BEGIN Provided data

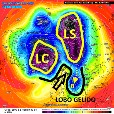 Il Vortice Polare, in ossequio alla legge di B&D, è in continuo rafforzamento, sebbene nei prossimi giorni si andrà ad assistere, nelle previsioni di tutti i modelli, ma in particolare di quello americano, a un vistoso displacment in area euroasiatica (isolamento del lobo siberiano, LS, fig.2).
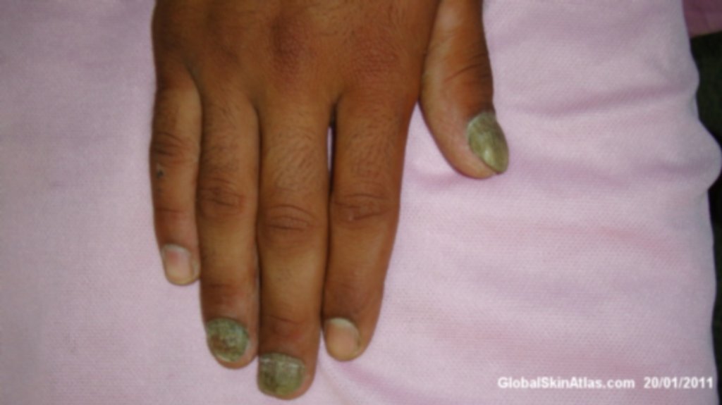 A middle-aged man presented with nail thickening, pitting, subungual hyperkeratosis and roughness involved mainly the fingernails of more than one year duration. Nail clipping for KOH examination was negative and the patient has had positive family history of psoriasis.
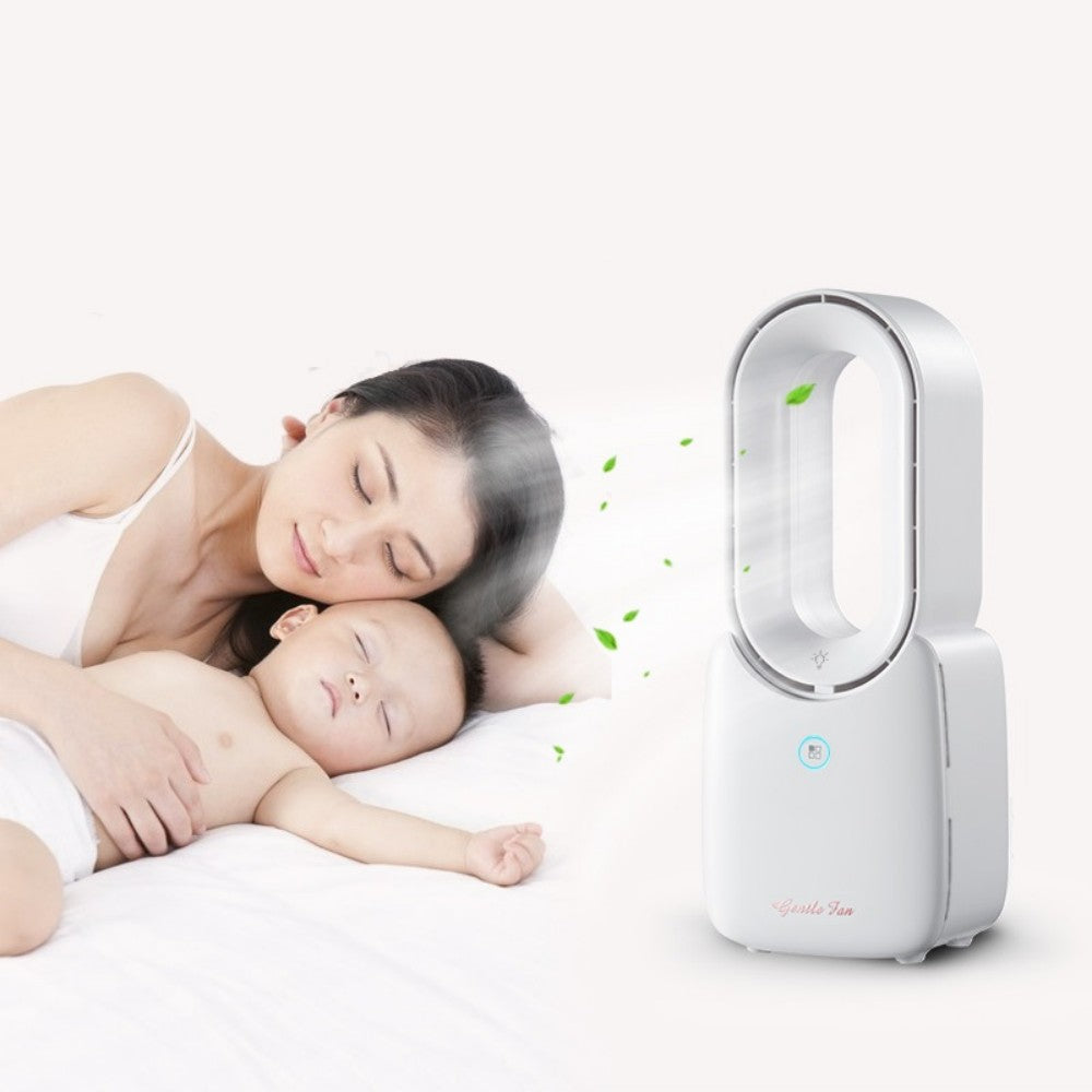 Safe bladeless design with 3 adjustable speeds and 4 modes, perfect for home, office, or travel.
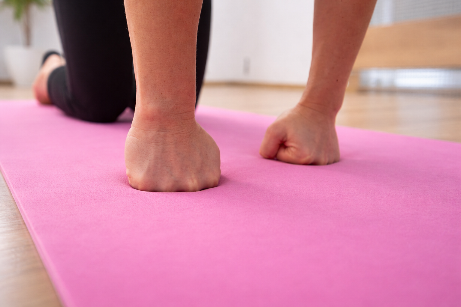 Gezielte Entlastung für die Gelenke – direkt in die Matte eingearbeitet. Kein extra Polster. Kein Verrutschen.
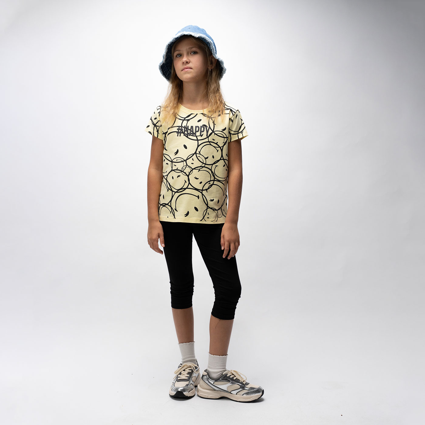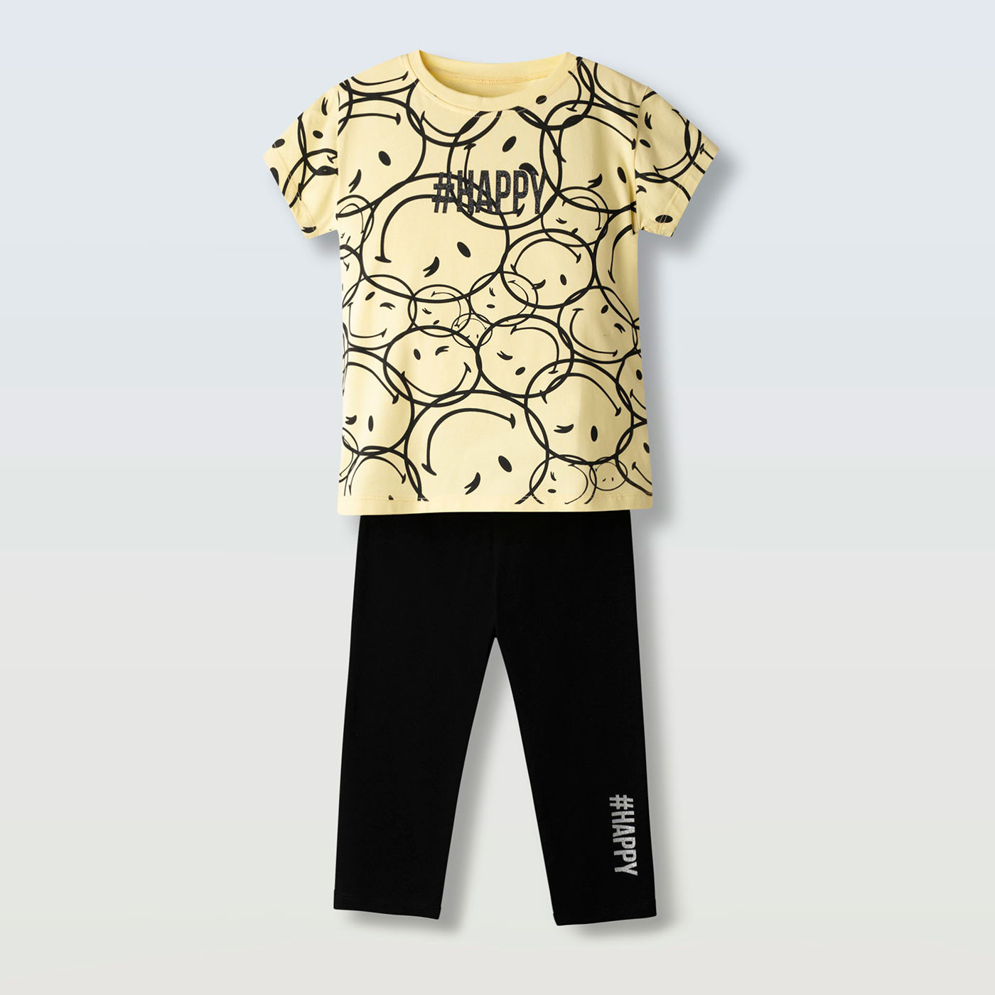 Μοντέρνο παιδικό σετ για κορίτσια Ebita σε κίτρινο-μαύρο συνδυασμό, που αποτελείται από κοντομάνικο μπλουζάκι και κάπρι κολάν. Το μπλουζάκι ξεχωρίζει με all-over print χαρούμενα smiley σχέδια και μήνυμα #HAPPY, προσθέτοντας fun και θετική διάθεση σε κάθε εμφάνιση.Το μαλακό βαμβακερό ύφασμα προσφέρει άνεση και διαπνοή, ιδανικό για πολύωρη χρήση. Το κάπρι κολάν με ελαστική μέση εφαρμόζει σταθερά χωρίς να πιέζει, καθιστώντας το σετ τέλεια επιλογή για σχολείο, βόλτες και καλοκαιρινές δραστηριότητες.
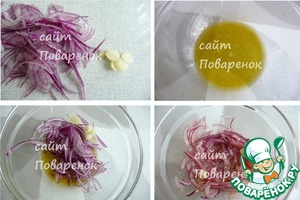 Лук почистить и нарезать полукольцами, как можно тоньше.
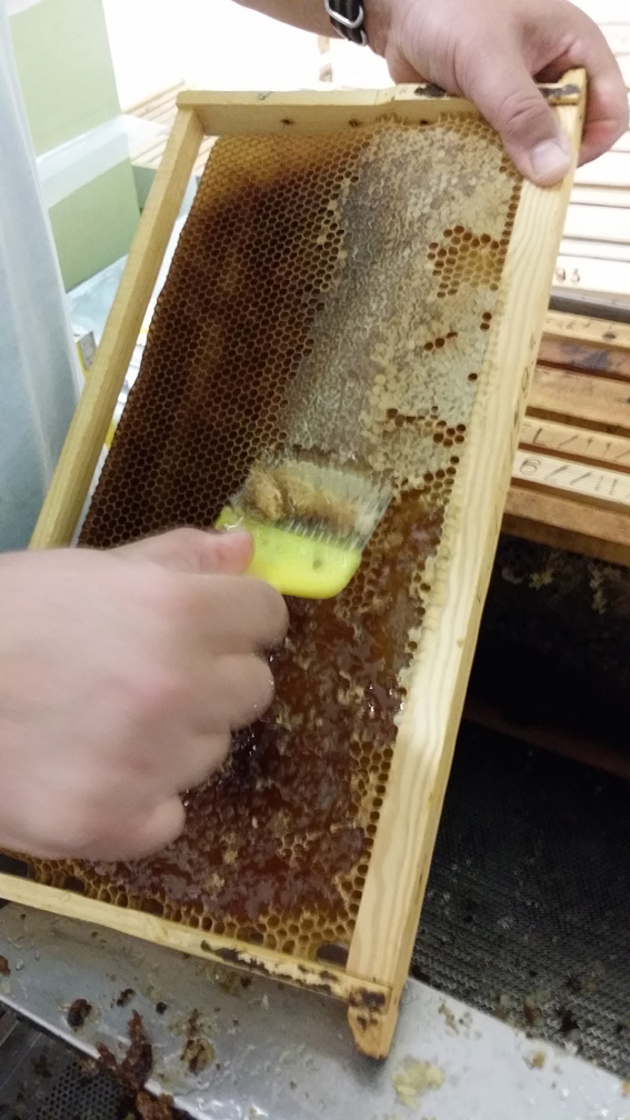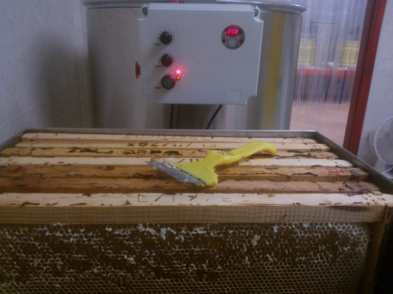 Το φορτίο με τις κηρήθρες έφτασε απ¨το μελισσοκομείο το μεσημέρι. Αμέσως ξεκίνησε το ξεμέλισμα στον φυγοκεντρικό μελιτοεξαγωγέα αφού πρώτα οι κηρήθρες απολεπίστηκαν απ¨το άσπρο κέρινο λέπι με το οποίο καλύπτουν οι μέλισσες τα κελιά με το μέλι όταν αυτό ωριμάζει.
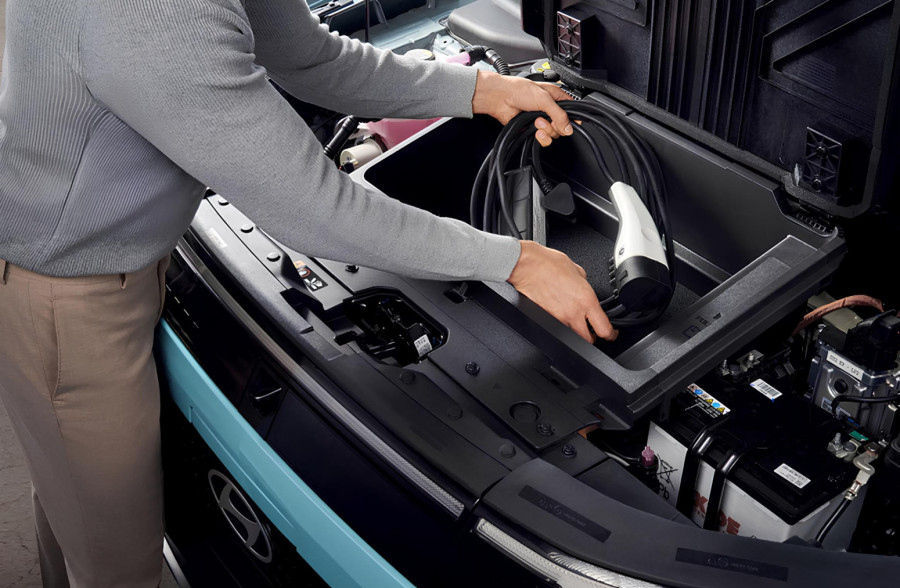 SUV ima mali prtljažni prostor napred za skladištenje kablova za punjenje i drugih sitnica. Punjač se nalazi iza Hyundai amblema na prednjem braniku.
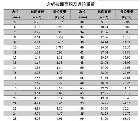 熱軋方鋼理論重量=邊長(mm)×邊長(mm)×0.00785=kg/m,具體截面面積及理論重量見下表:
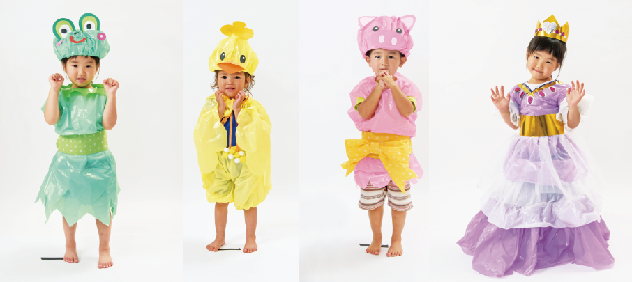 劇遊び、運動会、発表会の衣装も、はさみで切ってセロハンテープでペたっとつけるだけ!

END Provided data

The required result is the entries above, printed exactly from the first line through the line with "Safe bladeless design", pictures excluded.

#### Exercise response:
 Il Vortice Polare, in ossequio alla legge di B&D, è in continuo rafforzamento, sebbene nei prossimi giorni si andrà ad assistere, nelle previsioni di tutti i modelli, ma in particolare di quello americano, a un vistoso displacment in area euroasiatica (isolamento del lobo siberiano, LS, fig.2).
 A middle-aged man presented with nail thickening, pitting, subungual hyperkeratosis and roughness involved mainly the fingernails of more than one year duration. Nail clipping for KOH examination was negative and the patient has had positive family history of psoriasis.
 Safe bladeless design with 3 adjustable speeds and 4 modes, perfect for home, office, or travel.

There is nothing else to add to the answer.